OFFICER KILLED IN 3-ALARM FIRE OF LARGE STABLE IN NEW YORK CITY
Collapse of Brick Wall Buries Lieutenant and a Number of Firemen — Heavy Streams Ordered to Break Up Stubborn Blaze
THREE alarms were turned in for a fire which broke out in a stable in the east side section of New York City. Lieutenant Thomas Meehan, relief officer of Engine Company 9, was killed and three other firemen were badly injured. In the blaze, 121 horses were burned to death. Spontaneous combustion in the hay stored in the stable is believed to have been the cause of the fire.
The fire spread so rapidly that, when the commanding officer of the first alarm response arrived, he ordered a second alarm turned in. The Lieutenant and one of the men seriously injured were on the roof of the two-story brick structure trying to chop holes in the roof for ventilation. The wall fell and the men were hurled into a courtyard and buried under bricks.

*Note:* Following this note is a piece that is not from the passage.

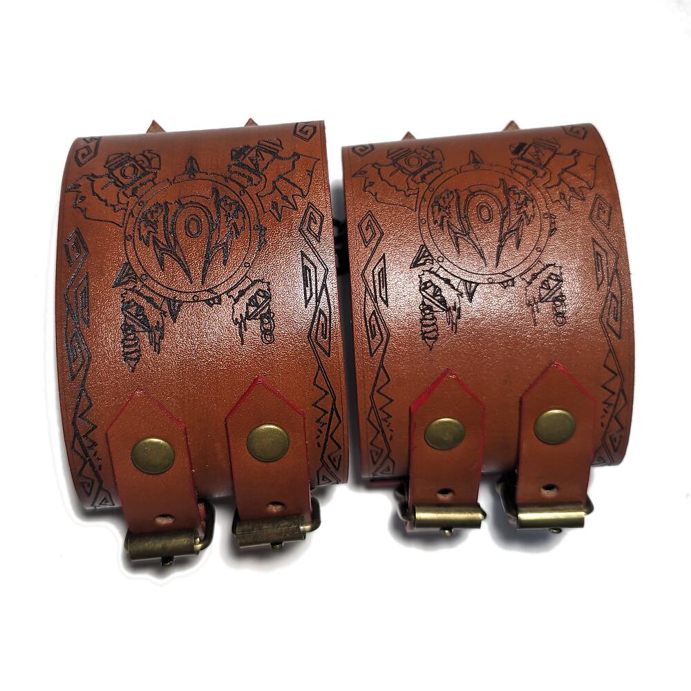 Наручники сделаны из натуральной кожи коричневого цвтеа с гравировкой Орда (World of Warcraft)
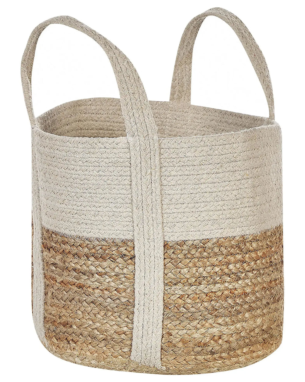 Storage Basket Beige and White Jute and Cotton Braided Laundry Hamper Fabric Bin Beliani

The fire brought Assistant Chief O’Hanlon speeding from the Rockaways. He turned in a third alarm and ordered two searchlight trucks to illuminate the debris, where for a time it was thought other firemen had been buried. Crews of policeman also helped in searching the ruins.

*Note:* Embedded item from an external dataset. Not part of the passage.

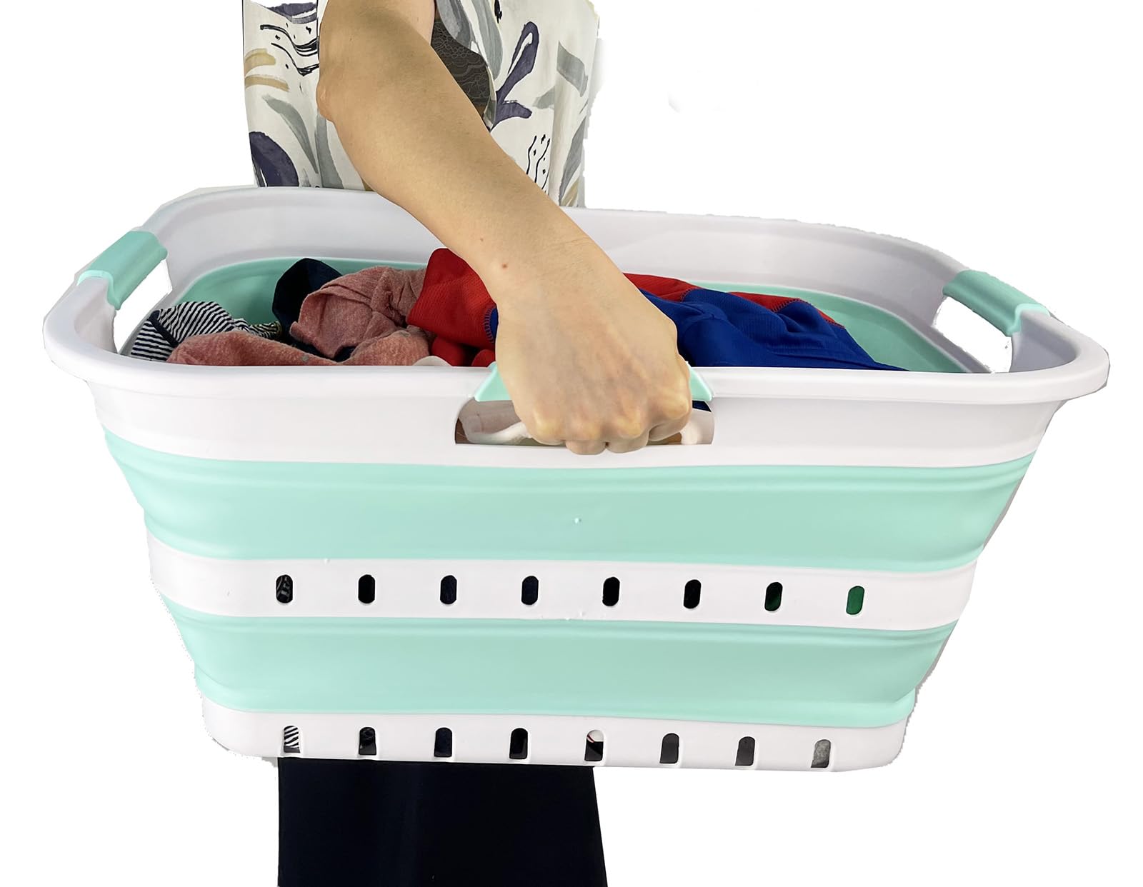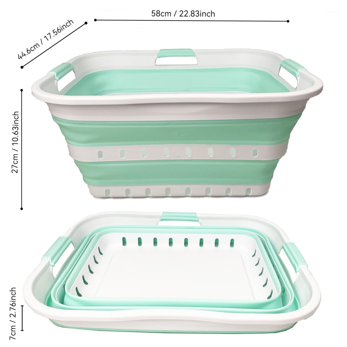 **Collapsible TPE/PP Laundry Basket **Brand: SAMMART **Material: TPE & PP **Expanded size: 22.8 x 17.5 x 10.6 inches **Collapsed size: 22.8 x 17.5 x 2.7 inches
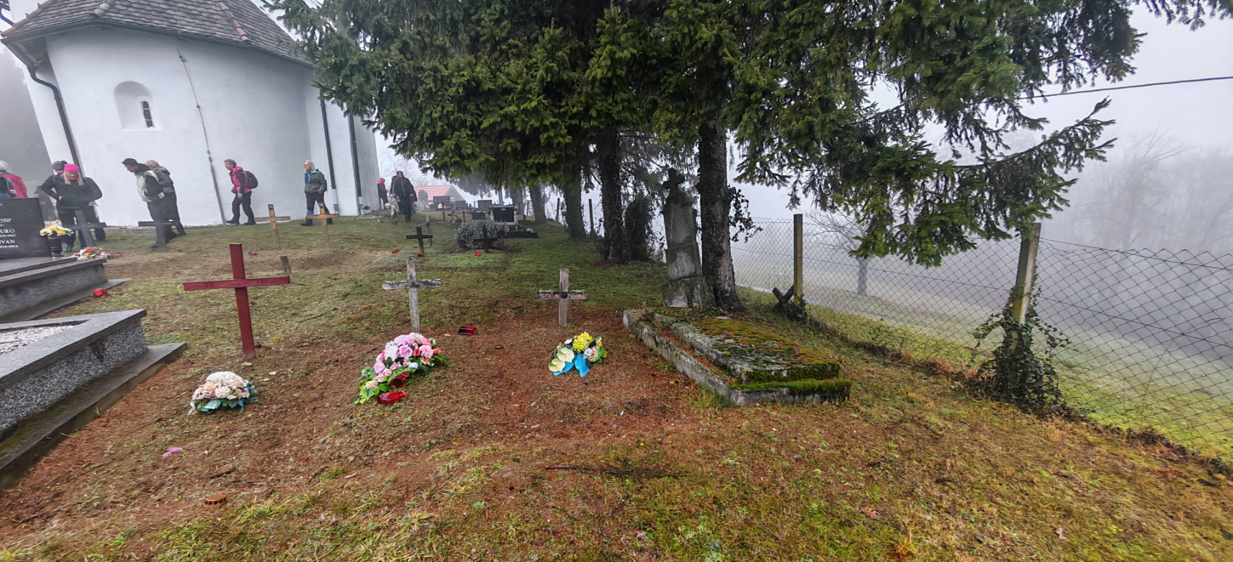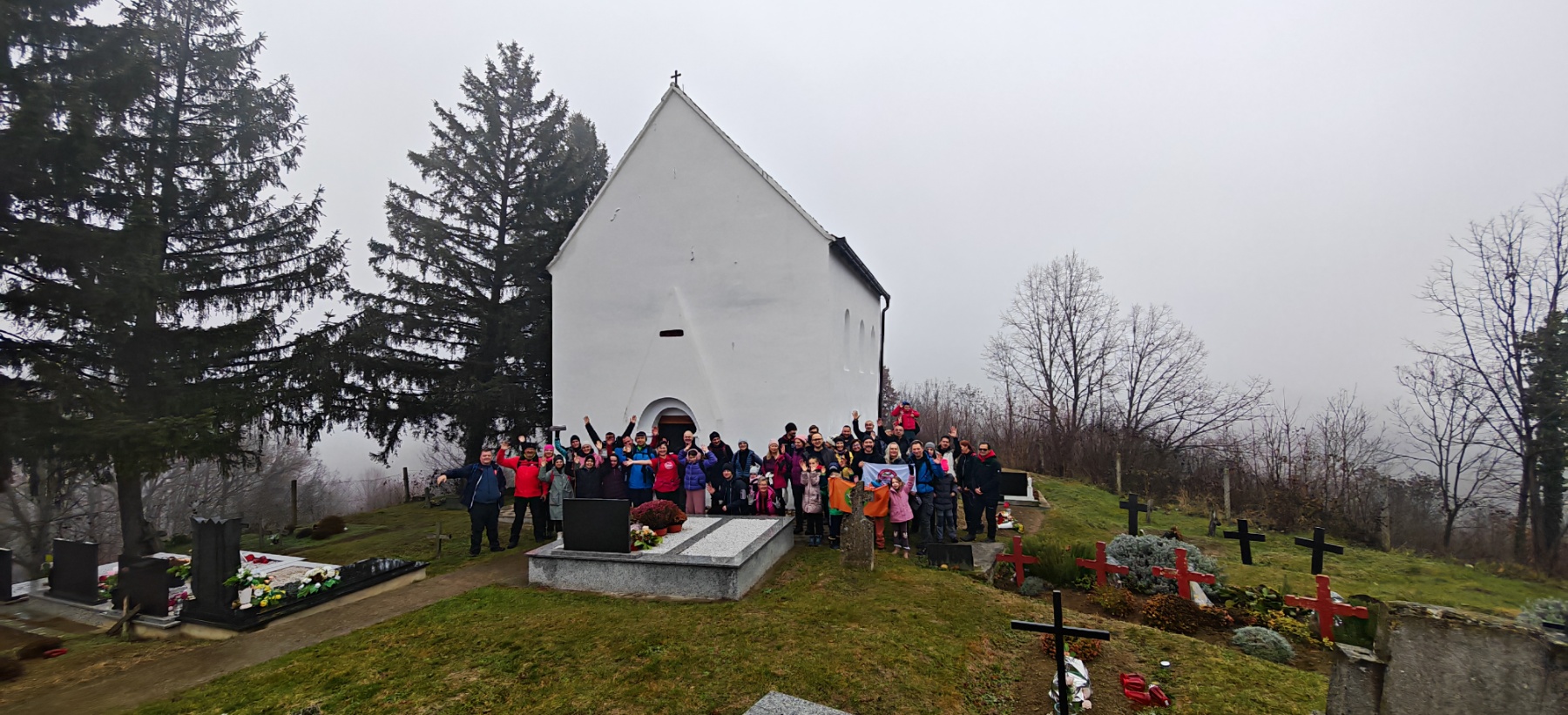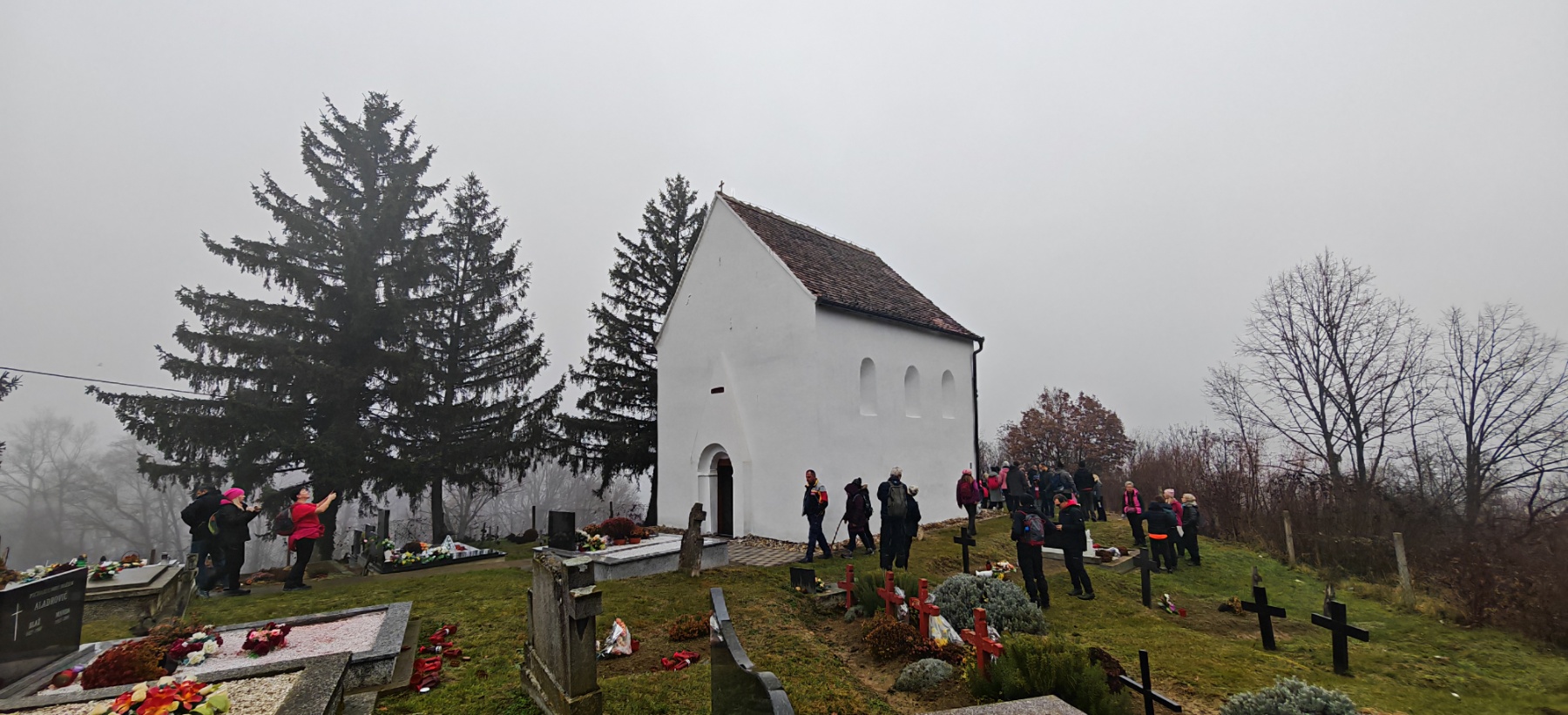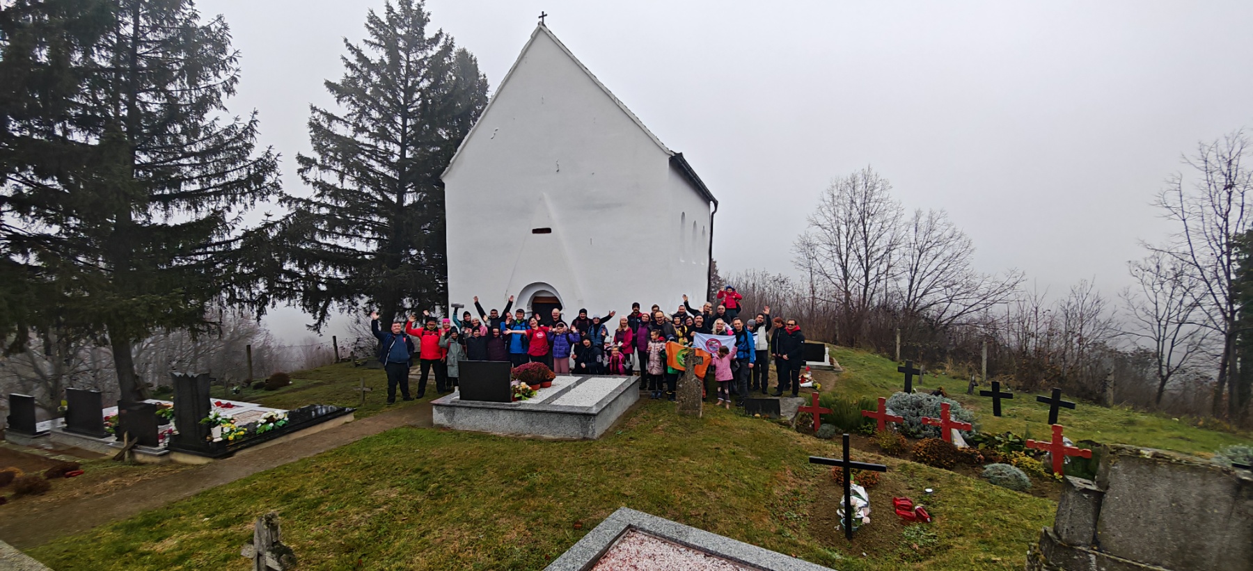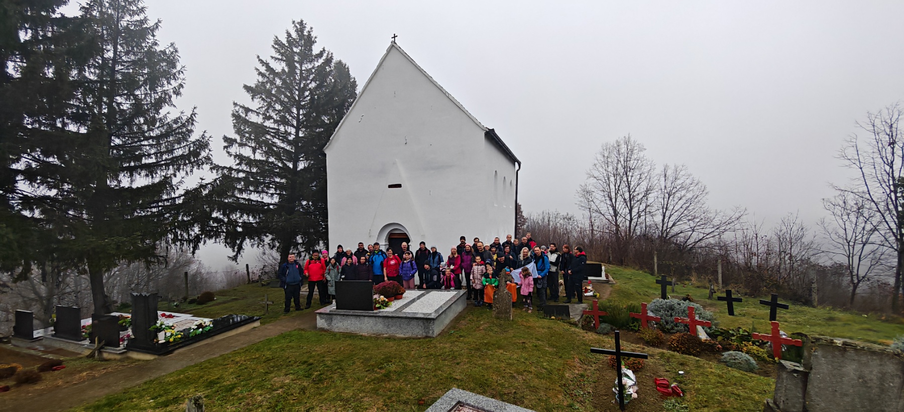 Po dolasku na odredište planinari su obišli ovo staro groblje i najstariju crkvu na ovom području, koju datiraju čak u 13. stoljeće. Ovo nije obična crkva, ovdje su se naši Slavonci skrivali i branili u vrijeme turskih prodora. Zato su je sagradili na brdašcu s kojeg se pruža odličan pogled na Posavinu i Bosnu, otkuda je u to vrijeme dolazio neprijatelj. Iz crkve su pucali na neprijatelje, a oko nje su zakapali svoje najdraže. Kako ne bi oskrnavili ovu ljepotu i poremetili mir koji ovdje vlada, naši planinari brzo napravili zajedničku fotografiju i krenuli natrag.

Also present at the blaze was Commissioner McElligott. The fire proved to be so stubborn that he ordered the pressure on the large lines increased and the walls battered.

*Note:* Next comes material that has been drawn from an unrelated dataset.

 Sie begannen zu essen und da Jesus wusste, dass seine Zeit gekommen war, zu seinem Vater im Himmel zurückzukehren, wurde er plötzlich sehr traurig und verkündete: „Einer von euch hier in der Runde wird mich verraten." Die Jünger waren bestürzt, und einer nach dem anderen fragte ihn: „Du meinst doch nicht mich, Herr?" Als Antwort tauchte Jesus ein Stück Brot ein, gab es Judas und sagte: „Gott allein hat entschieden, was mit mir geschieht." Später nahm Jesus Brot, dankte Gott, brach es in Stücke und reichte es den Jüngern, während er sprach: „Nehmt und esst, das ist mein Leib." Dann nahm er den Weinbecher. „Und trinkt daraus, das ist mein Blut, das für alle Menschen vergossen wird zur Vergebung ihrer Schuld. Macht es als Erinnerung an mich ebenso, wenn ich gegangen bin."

The fire had started at 5:10 p. m., and it was not unil hours later that it was considered to be under control.
According to an investigation made by Thomas E. Brophy, there was no explosion, nor were any dangerous gases present.
The stable was ell-shaped, with the legs forty and seventy foot long. More than one hundred wagons were stored in an open front courtyard, formed by the ell.